* **Exercise material**:
——————

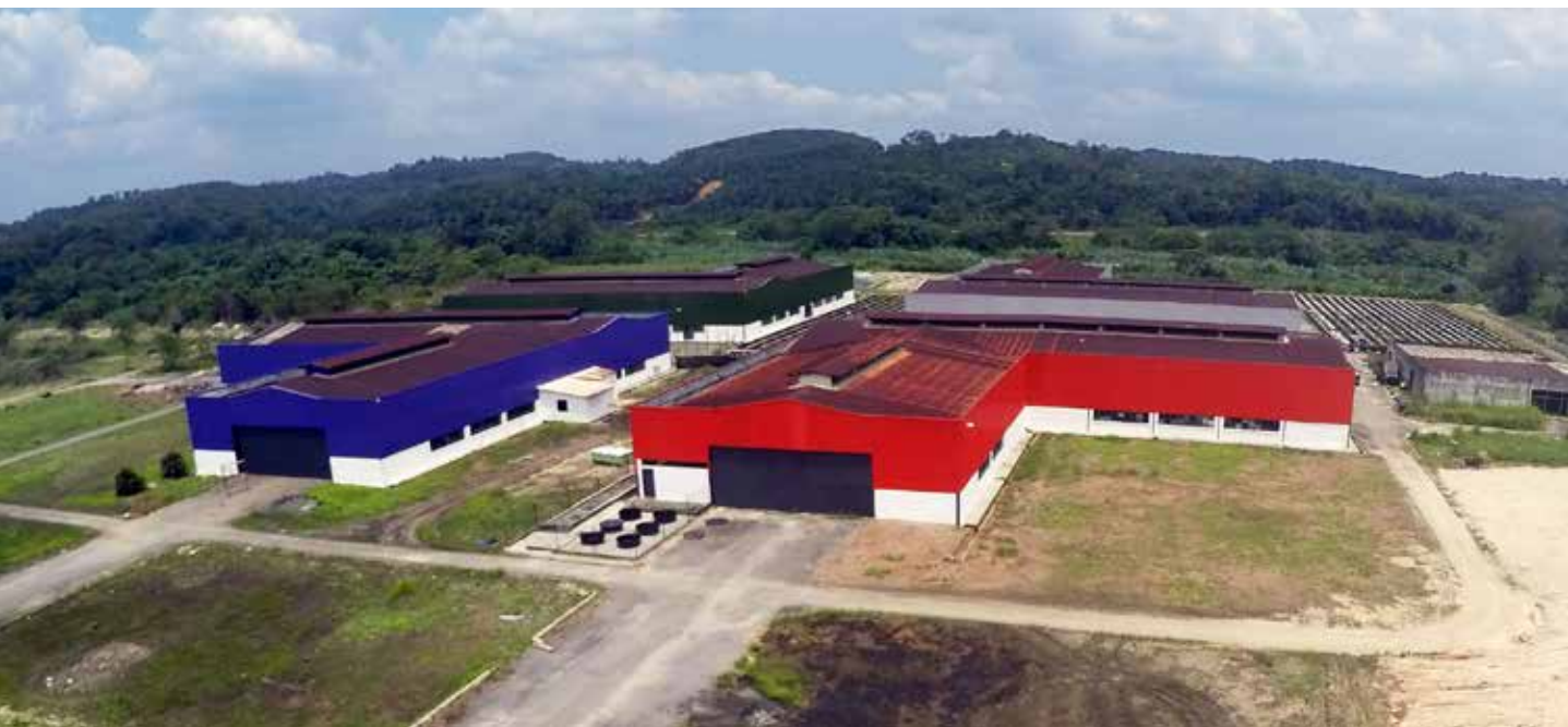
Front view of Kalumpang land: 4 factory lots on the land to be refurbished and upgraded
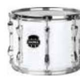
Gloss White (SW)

——————

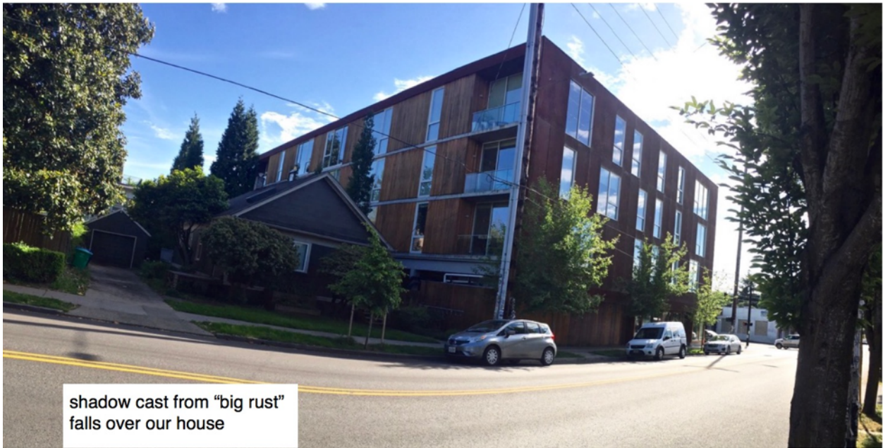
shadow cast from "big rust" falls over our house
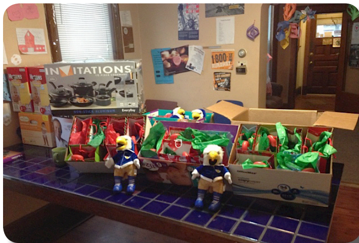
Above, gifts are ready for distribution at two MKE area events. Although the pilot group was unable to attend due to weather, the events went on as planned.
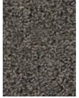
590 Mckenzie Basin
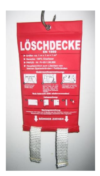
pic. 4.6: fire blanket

——————

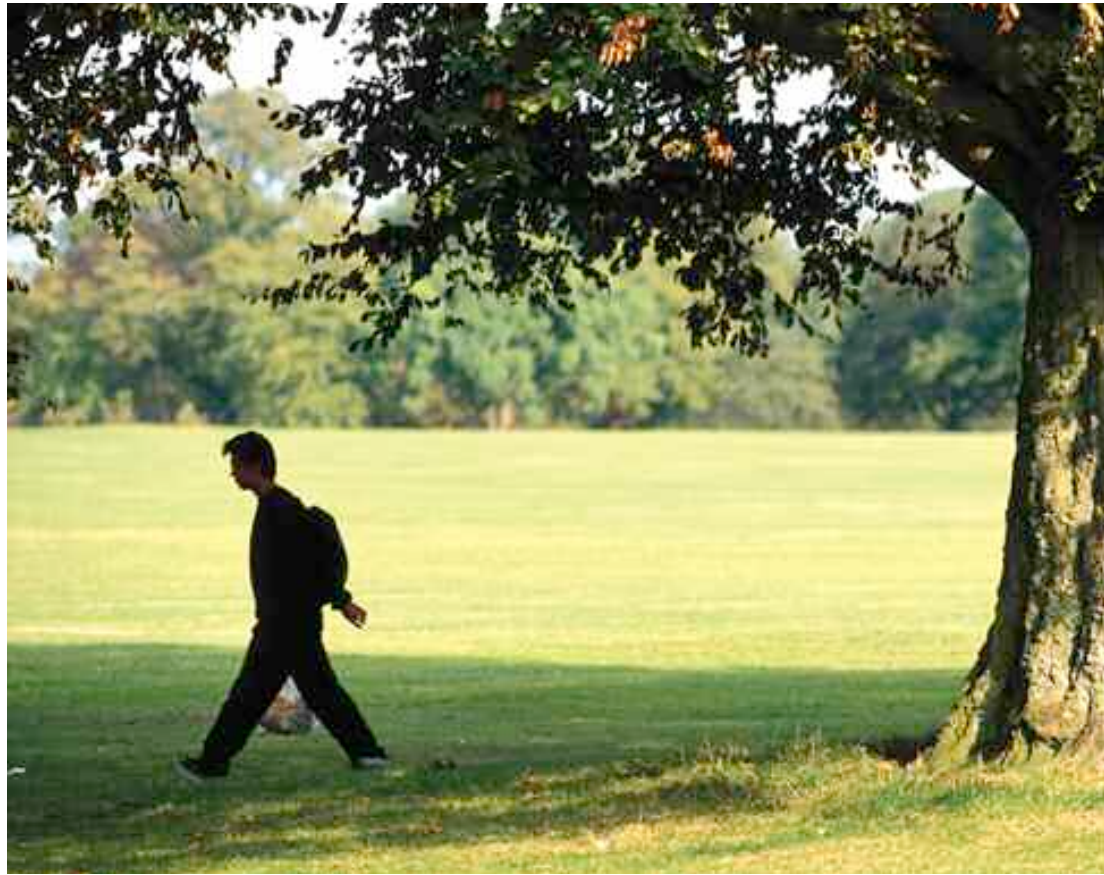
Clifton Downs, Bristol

——————

* **Action item**:
Look above for the line with "shadow cast from", then print it and each line after it down to and including the line with "pic. 4.6: fire blanket". Leave out the pictures and keep the wording exact.

* **Task output**:
shadow cast from "big rust" falls over our house
Above, gifts are ready for distribution at two MKE area events. Although the pilot group was unable to attend due to weather, the events went on as planned.
590 Mckenzie Basin
pic. 4.6: fire blanket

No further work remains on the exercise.